Но шеф скоро приедет! На своих часах Гурель высчитывал точное время его прибытия. Только бы комиссар полиции не опередил его, и следователь, наверняка уже назначенный, или судебно-медицинский эксперт не явились делать несвоевременные заключения до того, как шеф успеет запечатлеть в своем сознании основные моменты этого дела!

– Ну, Гурель, о чем ты задумался?

– Шеф!

Господин Ленорман был еще молодым человеком, если принять во внимание выражение его лица и глаз, блестевших под очками; и в то же время это был едва ли не старик, если обратить взгляд на его сутулую спину, желтую, сухую, словно восковую кожу, седеющие волосы и бороду, на весь его облик, надломленный, неуверенный, болезненный.

Как представитель государственной власти, господин Ленорман провел мучительную часть своей жизни в колониях, на самых опасных постах. Там он приобрел разные виды лихорадки, определенную мизантропию и привычку жить в одиночестве, но вместе с тем, несмотря на физический упадок, еще и неукротимую энергию, обычай говорить мало и действовать молча, а к пятидесяти годам, после знаменитого дела трех испанцев из Бискры, внезапно заслужил и величайшую справедливую известность. Тогда же сразу была исправлена несправедливость: его назначили в Бордо, потом помощником начальника в Париж, а после смерти господина Дюдуи – начальником Уголовной полиции. И на каждом из этих постов он проявлял редкую изобретательность в подходах, новые и оригинальные способности и качества, а главное, добился столь выдающихся результатов в ведении четырех или пяти скандальных дел, взбудораживших общественное мнение, что его имя сравнивали с именами самых прославленных полицейских. Что касается Гуреля, то он не колебался. Любимец начальника, ценившего его за простодушие и слепое повиновение, он ставил господина Ленормана превыше всего. Для него это был кумир, божество, которое не ошибается.


В тот день господин Ленорман выглядел особенно утомленным. Он устало сел, раздвинул полы своего старого редингота, знаменитого старомодным покроем и оливковым цветом, развязал не менее знаменитый шарф каштанового оттенка и прошептал:

– Рассказывай.

Гурель рассказал обо всем, что видел, и обо всем, что узнал, причем рассказал это вкратце, согласно обычаю, к которому приучил его шеф.

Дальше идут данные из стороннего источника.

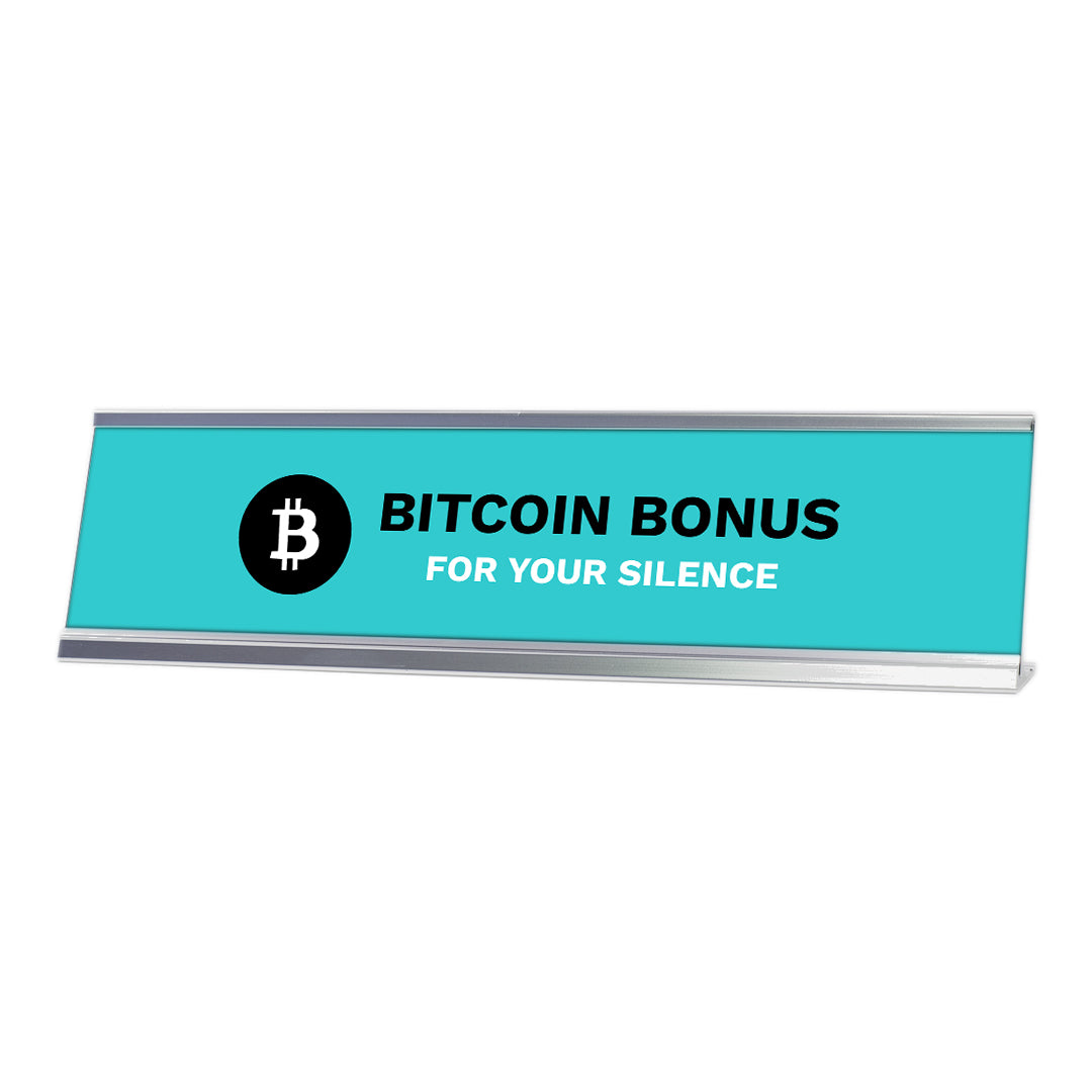 Novelty Desk Sign Nameplate "$Bitcoin Bonus For Your Silence". Fun novelty desk sign gift idea for friends,...

Но когда он предъявил визитную карточку Люпена, господин Ленорман вздрогнул.

– Люпен! – воскликнул он.

– Да, Люпен, он снова всплыл, скотина.

– Тем лучше, тем лучше, – произнес господин Ленорман после минутного раздумья.

– Разумеется, тем лучше, – подхватил Гурель, которому нравилось истолковывать оброненные начальством слова, и в упрек шефу он ставил лишь то, что тот столь малоразговорчив, – тем лучше, поскольку вы наконец померитесь силами с достойным вас противником… И на Люпена найдется управа… Люпен перестанет существовать… Люпен…

– Ищи, – сказал господин Ленорман, оборвав его.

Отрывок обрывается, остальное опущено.